- **TASK TO COMPLETE**
Retype the whole listing below exactly, keeping every picture out of it.

- **STORED DATA**
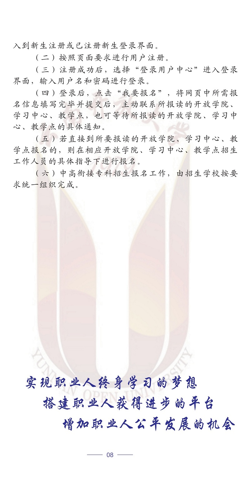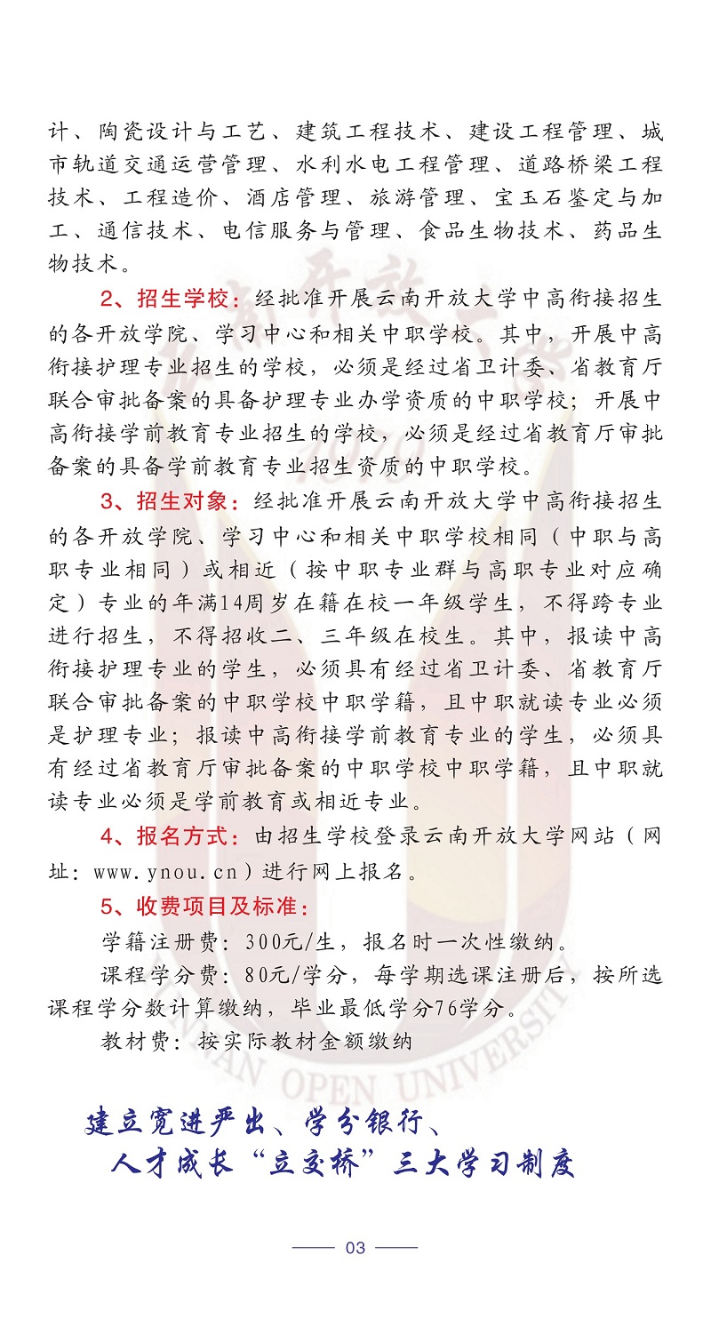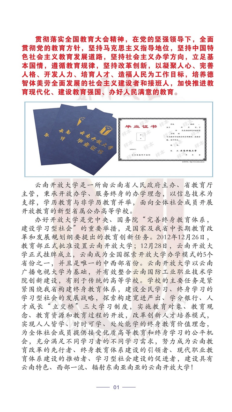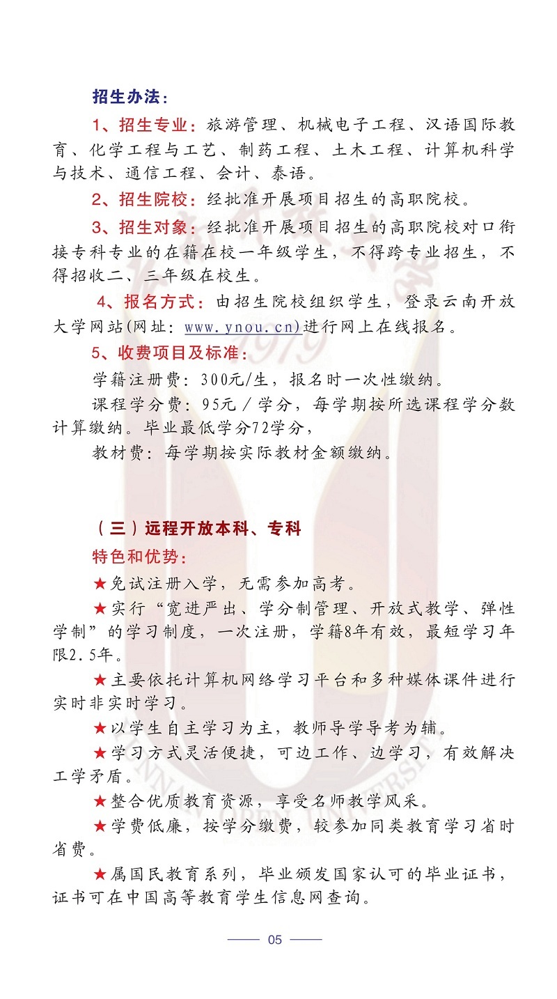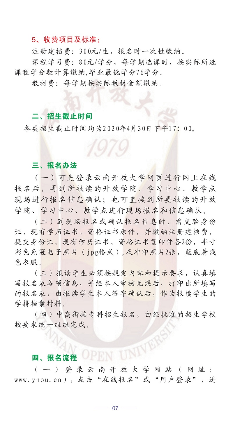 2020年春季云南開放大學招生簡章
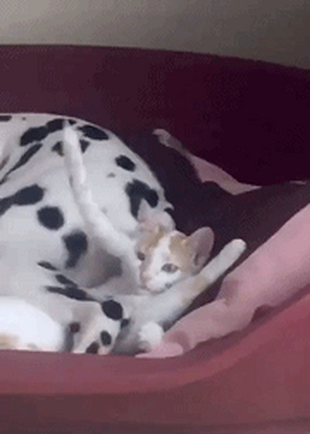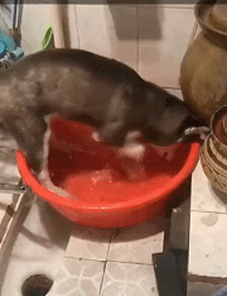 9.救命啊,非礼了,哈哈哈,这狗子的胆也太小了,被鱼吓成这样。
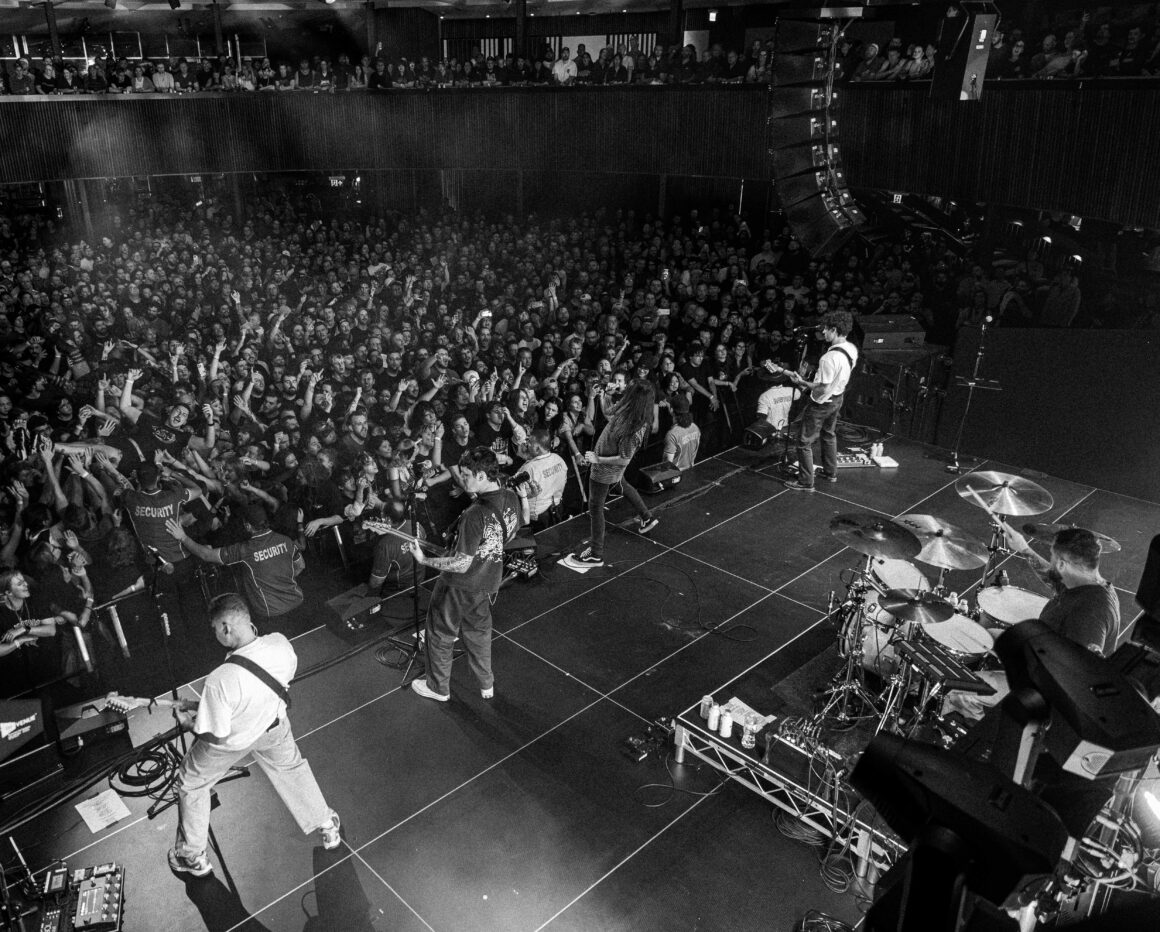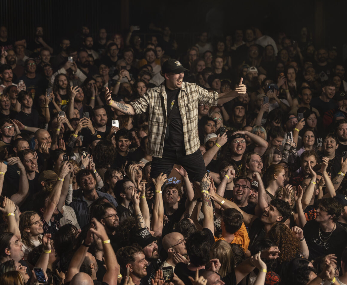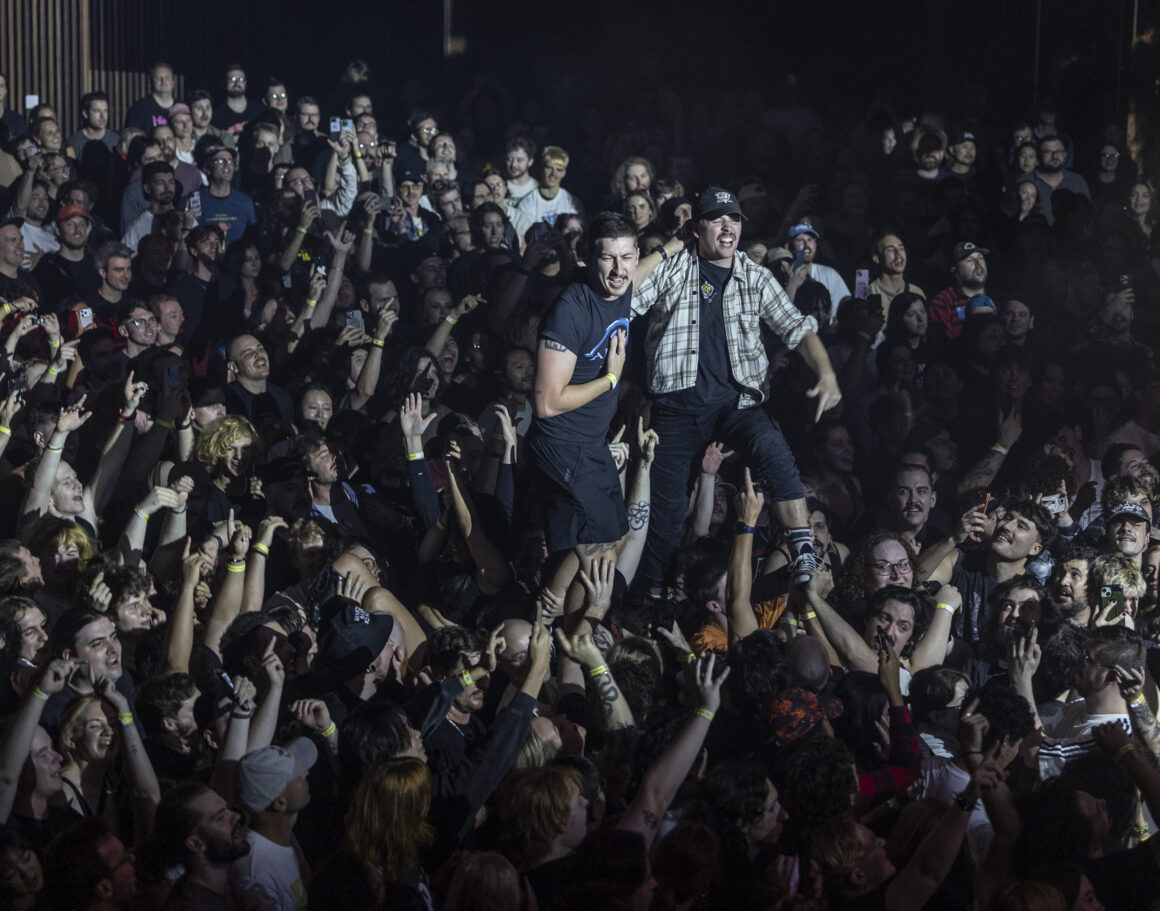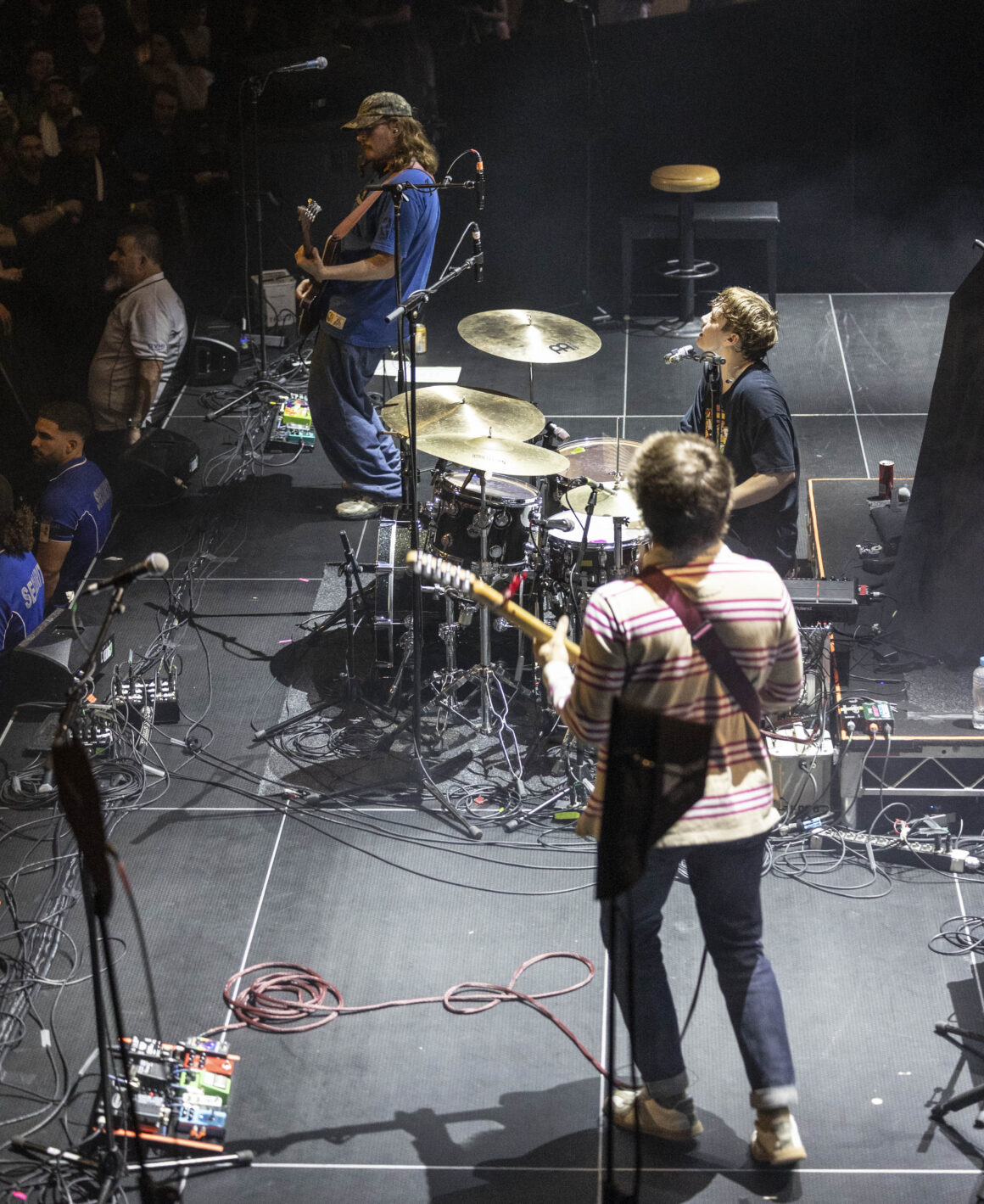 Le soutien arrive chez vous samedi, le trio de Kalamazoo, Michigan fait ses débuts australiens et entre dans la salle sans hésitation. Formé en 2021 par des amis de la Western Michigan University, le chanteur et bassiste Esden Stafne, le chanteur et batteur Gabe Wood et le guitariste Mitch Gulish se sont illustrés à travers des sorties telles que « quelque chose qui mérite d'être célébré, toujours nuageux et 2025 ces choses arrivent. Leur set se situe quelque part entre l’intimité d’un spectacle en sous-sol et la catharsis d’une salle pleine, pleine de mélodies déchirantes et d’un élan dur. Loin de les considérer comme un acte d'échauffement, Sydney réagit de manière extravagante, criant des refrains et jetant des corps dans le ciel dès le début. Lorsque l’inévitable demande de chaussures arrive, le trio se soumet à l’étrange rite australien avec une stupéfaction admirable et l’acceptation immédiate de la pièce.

- **REPLY TO THE EXERCISE**
 2020年春季云南開放大學招生簡章
 9.救命啊,非礼了,哈哈哈,这狗子的胆也太小了,被鱼吓成这样。
 Le soutien arrive chez vous samedi, le trio de Kalamazoo, Michigan fait ses débuts australiens et entre dans la salle sans hésitation. Formé en 2021 par des amis de la Western Michigan University, le chanteur et bassiste Esden Stafne, le chanteur et batteur Gabe Wood et le guitariste Mitch Gulish se sont illustrés à travers des sorties telles que « quelque chose qui mérite d'être célébré, toujours nuageux et 2025 ces choses arrivent. Leur set se situe quelque part entre l’intimité d’un spectacle en sous-sol et la catharsis d’une salle pleine, pleine de mélodies déchirantes et d’un élan dur. Loin de les considérer comme un acte d'échauffement, Sydney réagit de manière extravagante, criant des refrains et jetant des corps dans le ciel dès le début. Lorsque l’inévitable demande de chaussures arrive, le trio se soumet à l’étrange rite australien avec une stupéfaction admirable et l’acceptation immédiate de la pièce.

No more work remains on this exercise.